Dying plants are ‘screaming’ at you
In the future, farmers might use ultrasound to listen to stressed plants vent.
While plants can’t chat like people, they don’t just sit in restful silence. Under certain conditions—such as a lack of water or physical damage—plants vibrate and emit sound waves. Typically, those waves are too high-pitched for the human ear and go unnoticed.
But biologists can now hear those sound waves from a distance. Lilach Hadany, a biologist at Tel Aviv University in Israel, and her colleagues even managed to record them. They published their work in the journal Cell today.
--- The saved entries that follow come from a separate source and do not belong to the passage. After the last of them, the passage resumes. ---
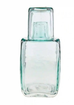 2-piece set. Square glass bottle beside carafe comes with coordinating stacking cup.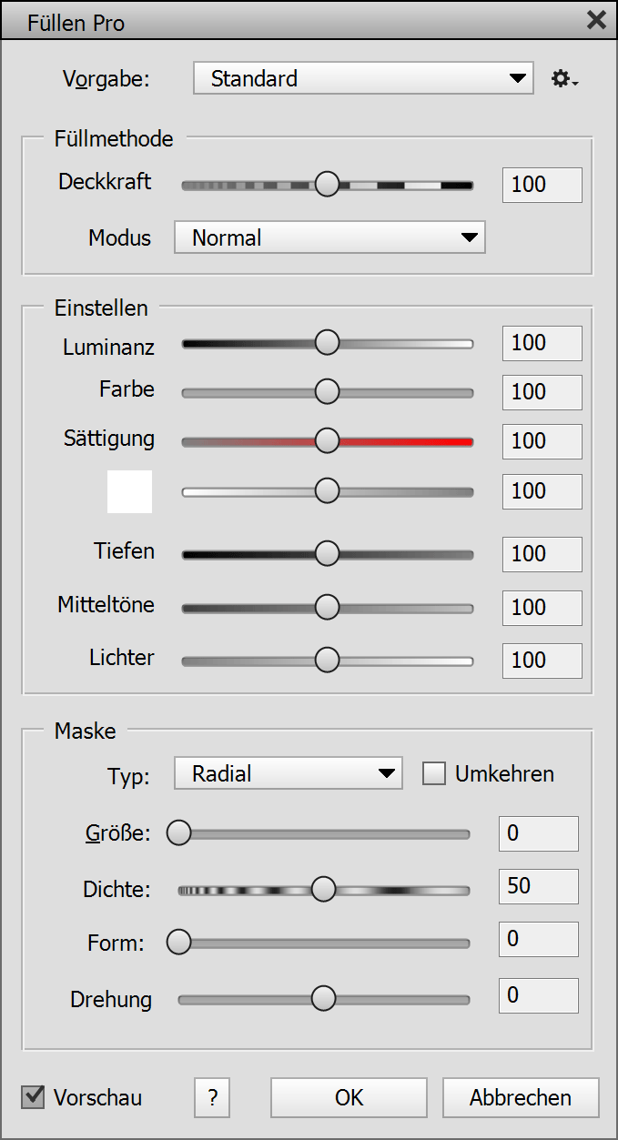 Die Optionen Linear und Radial nutzen einen linearen oder kreisförmigen Verläufen, um bestimmte Bildbereiche stufenweise durchscheinen zu lassen. Mit dem Abstand-Regler wird der lineare Verlauf nach oben oder unten bewegt, wodurch der Verlauf weniger oder mehr vom Bild abdeckt. Für die Radial-Option bewegt sich der kreisförmige Verlauf in Richtung Bildecken mittels Größe-Regler. Der Dichte-Regler steuert die Weichheit der Verlaufübergangs. Ein niedriger Reglerwert produziert eine harte Kante zwischen den Bildbereichen. Ein hoher Wert resultiert in einem sanften Übergang. Für die Radial-Option verfügen Sie über einen Form-Regler, der aus dem kreisförmigen einen elliptischen Verläufen macht. Schlussendlich dreht der Drehung-Regler den Verläufen. Er hat keinen Einfluss auf kreisförmige Verläufen, nur auf lineare und elliptische.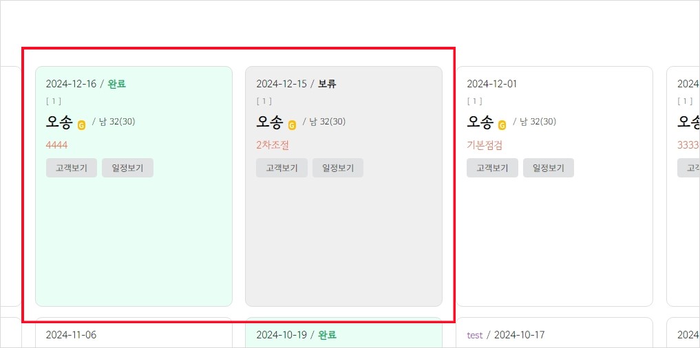 4. 주요일정 완료/보류 구분의 카드 색상 추가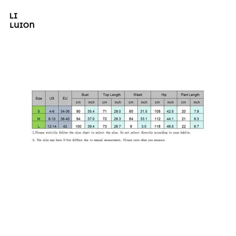 Size (cm) S Tops Length: 71 Bust: 90 Pants Length: 20 Waist: 80 Hip: 108 M Tops Length: 72 Bust: 94 Pants Length: 21 Waist: 84 Hip: 112 L Tops Length: 73 Bust: 100 Pants Length: 22 Waist: 90 Hip: 118 ? Size (inch) S Tops Length: 27.95 Bust: 35.43 Pants Length: 7.87 Waist: 31.5 Hip: 42.52 M Tops Length: 28.35 Bust: 37.01 Pants Length: 8.27 Waist: 33.07 Hip: 44.09 L Tops Length: 28.74 Bust: 39.37 Pants Length: 8.66 Waist: 35.43 Hip: 46.46 ? Specifications: Material: 5%Cotton and 95% Polyester Size: S/M/L Color: Multi-Color Pattern: Solid Sleeve: Sleeveless Neck: U Neck Gender: Women ? Package Contents 1 * Set(1 * Tops, 1 * Shorts) ? Note: 1. Due to manual measurement, there may be small errors in size. 2. Depending on the computer monitor used, colors may a little different from actual colors. ? Promise If the product has any quality problems, please let us know and we will help you solve it as soon as possible.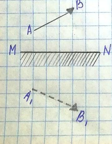 на рисунку зображено дзеркало MN та відрізок AB. Побудуйте зображення цього відрізка у дзеркалі та охарактеризуйте його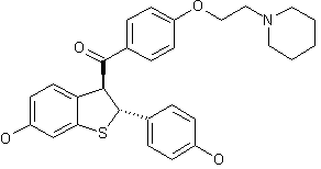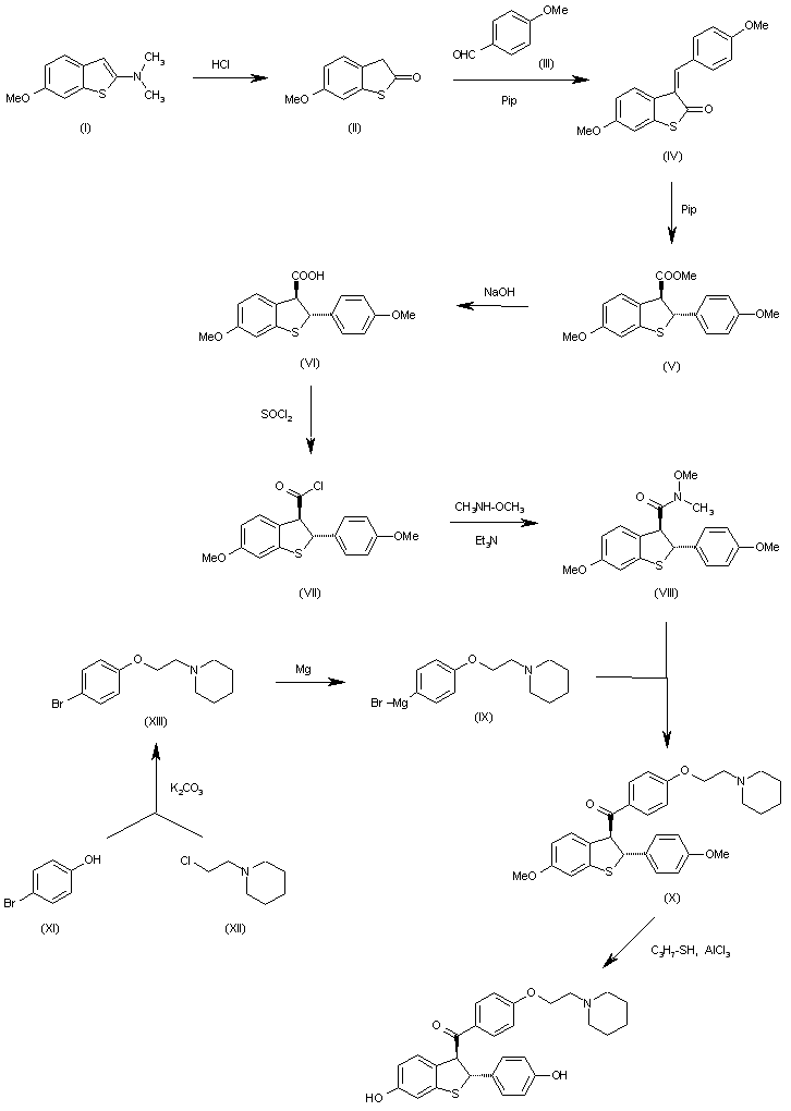 The hydrolysis of 2-(dimethylamino)-6-methoxybenzo[b]thiophene (I) with HCl in refluxing THF gives 6-methoxybenzo[b]thiophen-2(3H)-one (II), which is condensed with 4-methoxybenzaldehyde (III) by means of piperidine in methanol yielding the 3-benzylidene derivative (IV). The rearrangement of (IV) with the same catalyst and solvent affords trans-6-methoxy-2-(4-methoxyphenyl)-2,3-dihydrobenzo[b]thiophene-3-carboxylic acid methyl ester (V), which is hydrolyzed with NaOH in methanol to the corresponding acid (VI). The reaction of (VI) with SOCl2 in dichloromethane gives the acyl chloride (VII), which is condensed with N,O-dimethylhydroxylamine by means of triethylamine in dichloromethane providing the N-methoxy-N-methylamide (VIII). The condensation of (VIII) with the Grignard reagent (IX) in THF affords the dimethyl ether of the target compound (X), which is finally demethylated with AlCl3 and propanethiol in dichloromethane. The intermediate Grignard reagent (IX) has been obtained by condensation of 4-bromophenol (XI) with 1-(2-chloroethyl)piperidine (XII) by means of K2CO3 in hot DMF to give 1-[2-(4-bromophenoxy)ethyl]piperidine (XIII), which is then treated with magnesium in THF to afford (IX).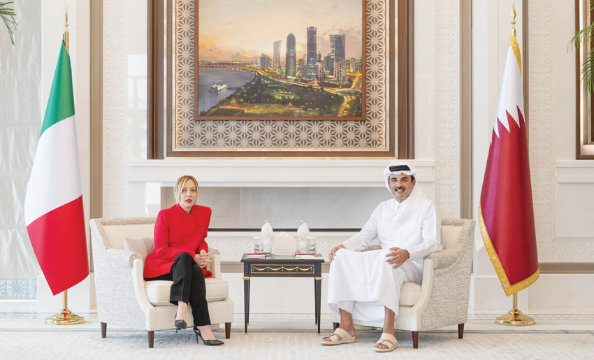 الدوحة – (أ ف ب): بحثت رئيسة الحكومة الإيطالية جورجيا ميلوني مع أمير قطر الشيخ تميم بن حمد آل ثاني، أمس في الدوحة، أزمة الطاقة التي تسبّبت بها الحرب في الشرق الأوسط، بحسب ما أفاد مكتبها.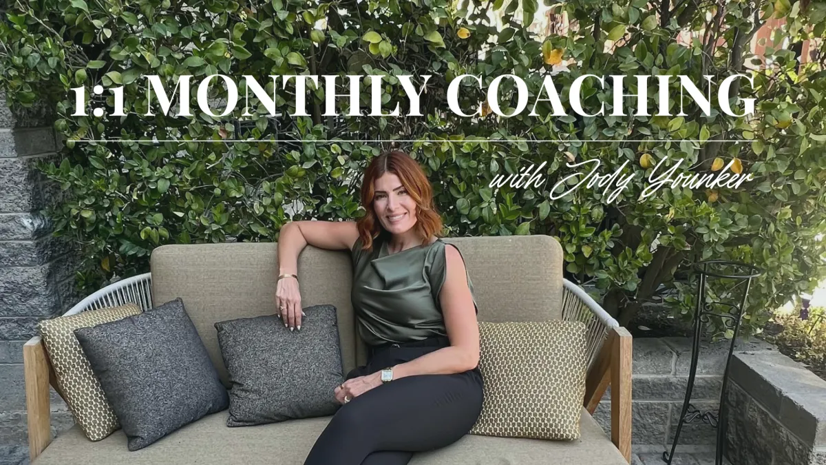 1:1 Monthly Coaching with Jody Younker$299 / MonthNo long term commitment - Cancel anytime!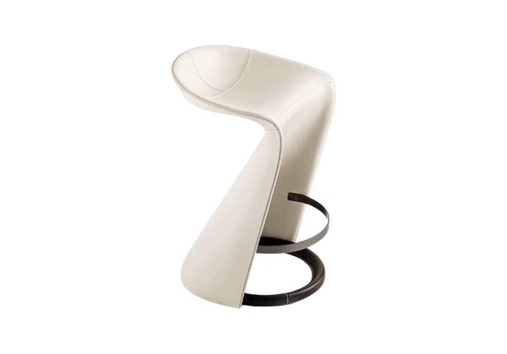Skirt von M2Atelier für Giorgetti entworfene ist ein Hocker mit Ringfuß aus massiver Esche, verfügbar in verschiedenen Ausführungen. Die Fußstütze besteht aus zinnfarbenem Metall. Die Polsterung besteht aus Leder in zahlreichen Farben. Auch in zwei Höhen erhältlich.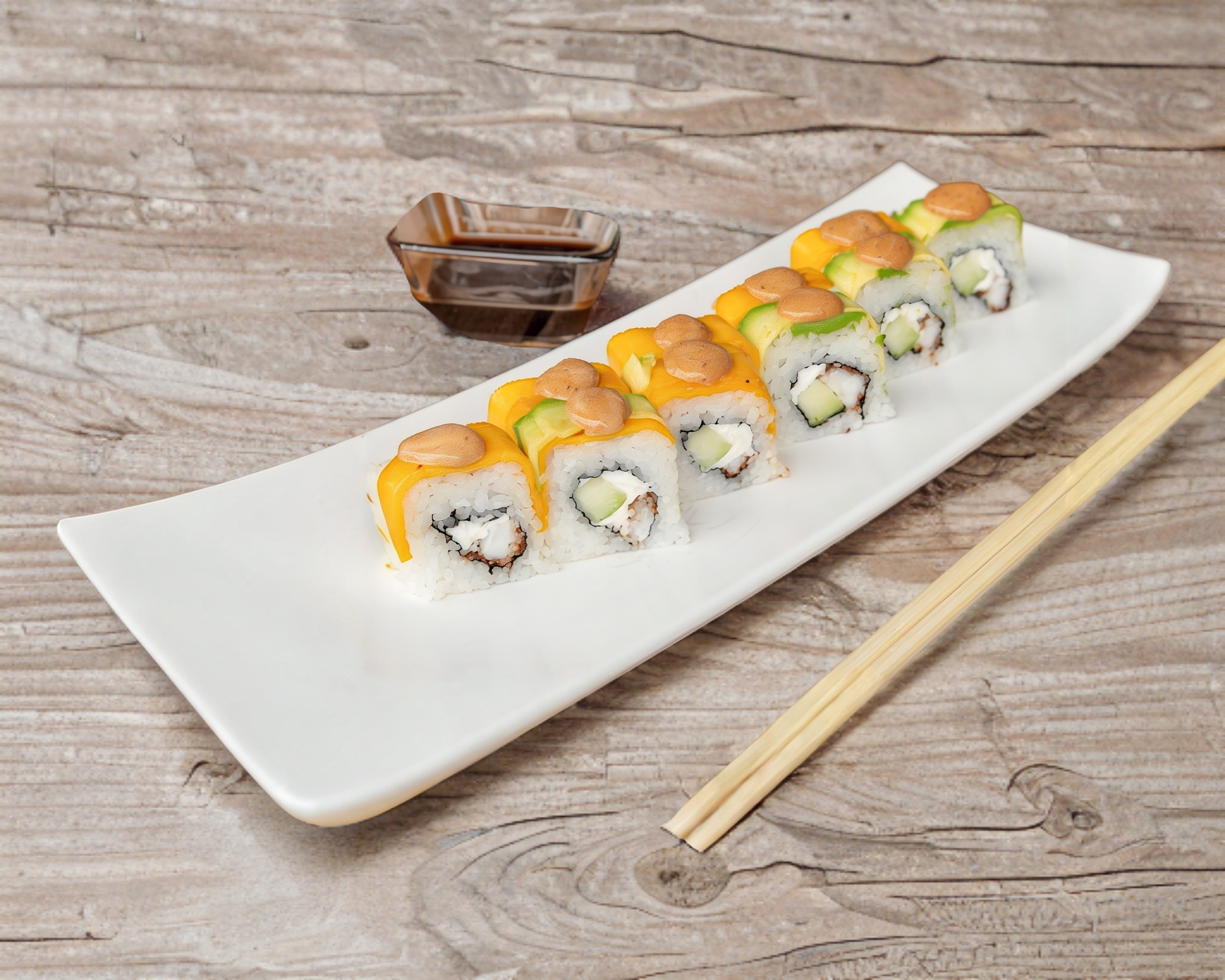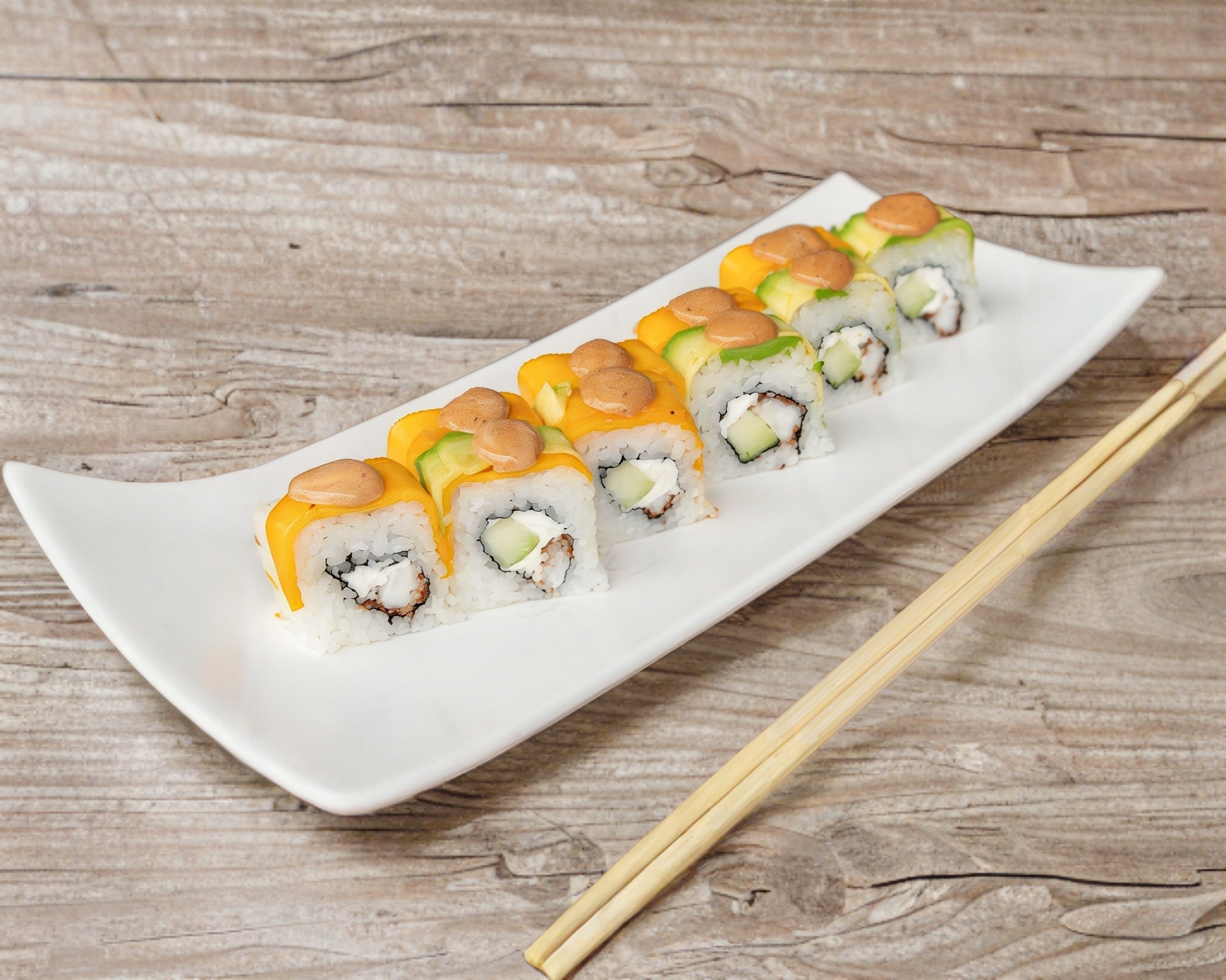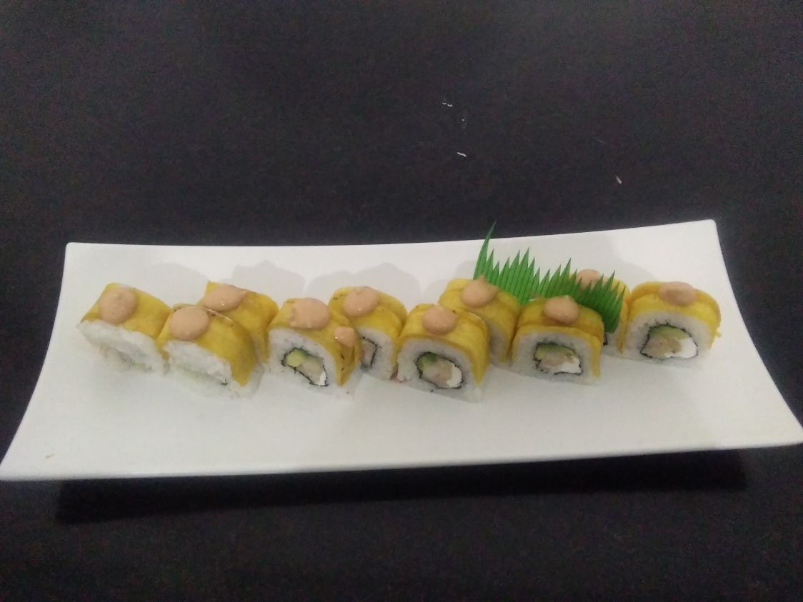 Mango, aguacate, queso crema, pepino, camaron empanizado , salsa dulce y salsa de chipotle

Hadany and colleagues’ work is part of a niche but budding field called “plant bioacoustics.” While scientists know plants aren’t just inert decorations in the ecological backdrop— they interact with their surroundings, like releasing chemicals as a defense mechanism—researchers don’t exactly know how plants respond to and produce sounds. Not only could solving this mystery give farmers a new way of tending to their plants, but it might also unlock something wondrous: Plants have senses in a way we never realized.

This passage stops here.